Substance is that which occupies space. In its more compact and rigid forms substance is perceptible by the senses, and is then called matter; but in its finer and more ethereal forms, when it cannot be perceived by the senses, substance is still matter, and is essentially the same. The apparently many substances of nature are in reality only varying forms of one Substance; the differences between them are due to varying degrees of pressure, and to the form and rate of vibration of the atoms which compose them. Ice is a solid substance; water a partially fluid substance; the vapor arising from water verges on the gaseous state; and oxygen and hydrogen are gases. But a piece of ice may be brought back through all these stages, and converted into oxygen and hydrogen, and no change is made in it except that in the fluid state the atoms are less firmly pressed together than in the solid state; and in the gaseous state the bond of cohesion is still weaker, and the atoms circulate or roll around each other more freely than in the fluid state. It is now a well-known fact that nearly all the growth of the vegetable kingdom comes from the atmosphere; trees, plants and flowers are solidified air. The furniture in our homes, and the walls of the houses in which we live are merely solidified gases; burn them, and they return to their original state, leaving only a handful of ashes as “material” evidence of their existence, and if we learn to treat these ashes with the right agencies, they, too, will vanish into the ethereal realm. The earth itself, so firm and solid under our feet, was indisputably once a ball of flaming gases and vapors, and in the stage before that, must it not have been still more ethereal? It is all solidified atmosphere. Our own bodies are compounds of gases; in the crematory the human form vanishes. All things came out from the ether, and all things are ether, changed to more or less solid forms by differences in atomic pressure and cohesion.

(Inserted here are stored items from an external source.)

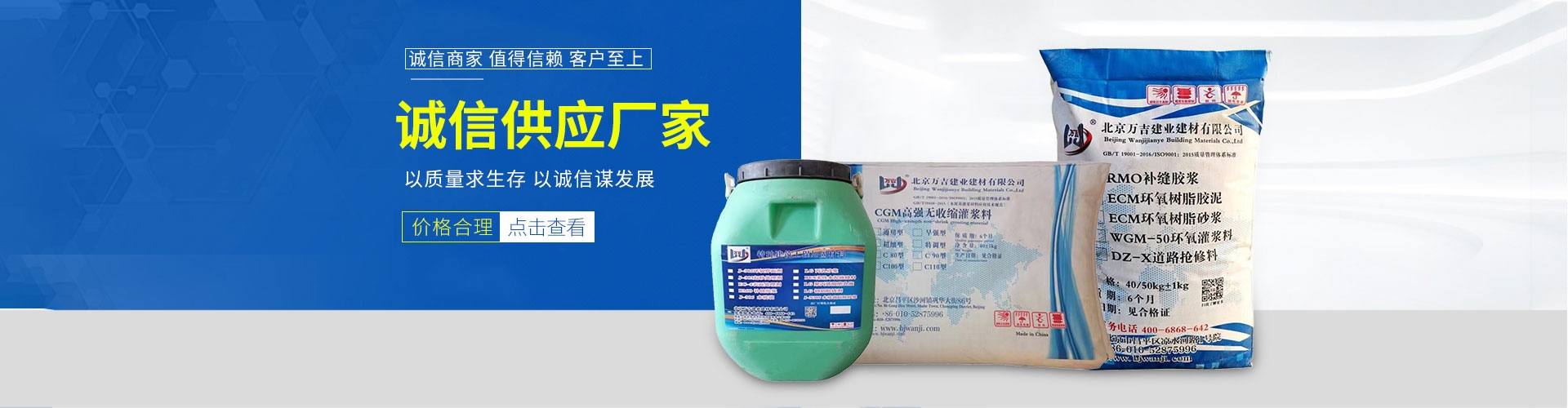 我们公司主营产品:环氧树脂胶泥(环氧砂浆),高强无收缩灌浆料、环氧树脂灌浆料,聚合物高强修补砂浆、聚合物水泥防水砂浆、混凝土高强加固砂浆、A级环氧结构胶(粘钢胶、植筋胶、灌缝胶、碳布胶、灌钢胶、界面胶)、108胶粉、混凝土起砂处理剂、回弹增强剂、高强界面处理剂等产品已销往全国各省、市、自治区,广泛应用在高速铁路、冶金、石化、电力、煤炭... 查看更多>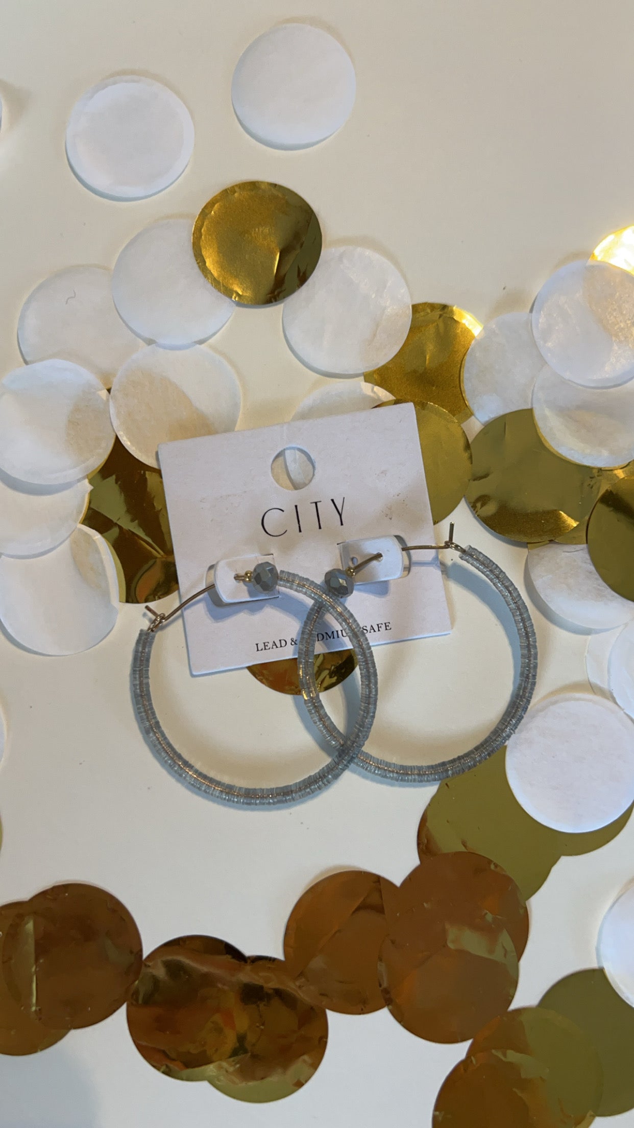 Gray Beaded Hoops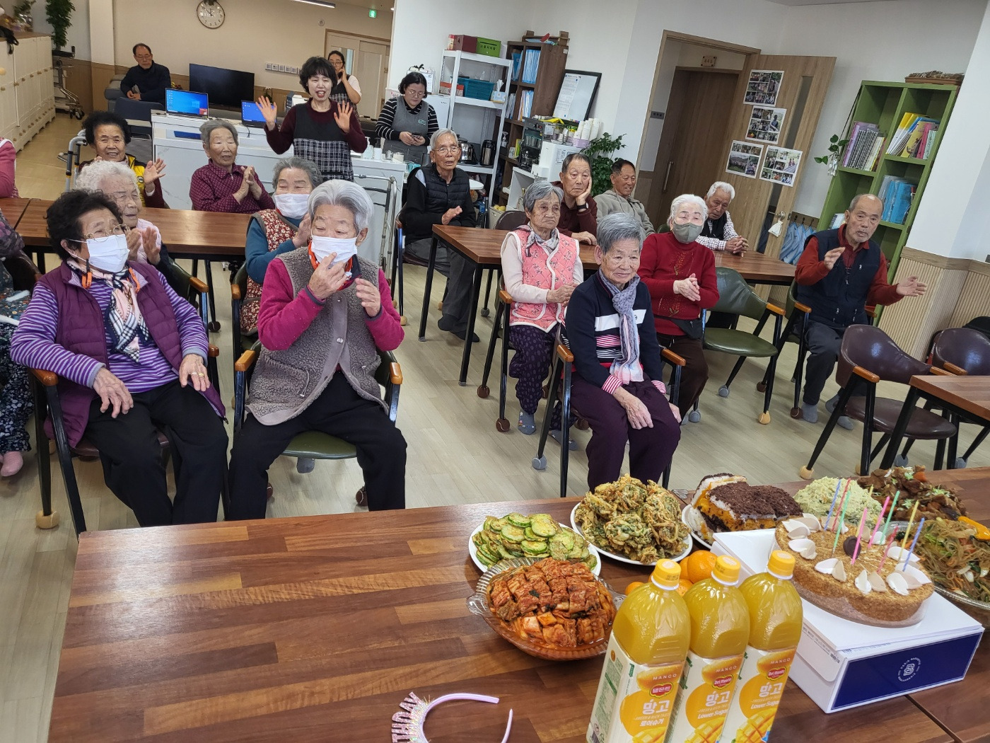 다른 어르신들께서도 박수치며 함께 축하해 주시고, 따뜻하고 웃음 가득한 분위기 속에서 의미 있는 시간을 보냈습니다.

All this brings us to the conclusion that the many seemingly different substances—iron, wood, coal, lime, water, etc., are merely different forms of one thing; that there is only one elemental substance, from which all created things are shaped. As we find that solid things are the gaseous atmosphere, solidified by an increased atomic pressure, so we shall no doubt find that the gases are produced from one ether, being brought to the semi fluid state by increased pressure, and at last we must conclude that there is one perfectly fluid substance, of which are made all the things which do appear. This One Substance is the stupendous reality behind all the appearances of the material world.

We will now take up the study of this substance. First, we must get rid of the idea that there is anything else. Substance is all there is. We live, and move, and have our being in substance; we, ourselves, are substance. We must conclude that substance cannot have been created, for that it should have been formed out of nothing is unthinkable. Substance always was; forms have been created, and are being continually created, changed, and modified; but the substance of which those forms are made is the same, yesterday and today and forever. When I speak of forms, I mean the so-called “material” universe; suns, stars, planets, seas, continents, trees, plants, gases, and the bodies of animals and men; all these are varying forms of the One Changeless Substance, which is all, and in all. And as this substance has existed through all of time past, so it will exist through all of time future, for it is indestructible; we may change its forms, but not one particle of it can we destroy.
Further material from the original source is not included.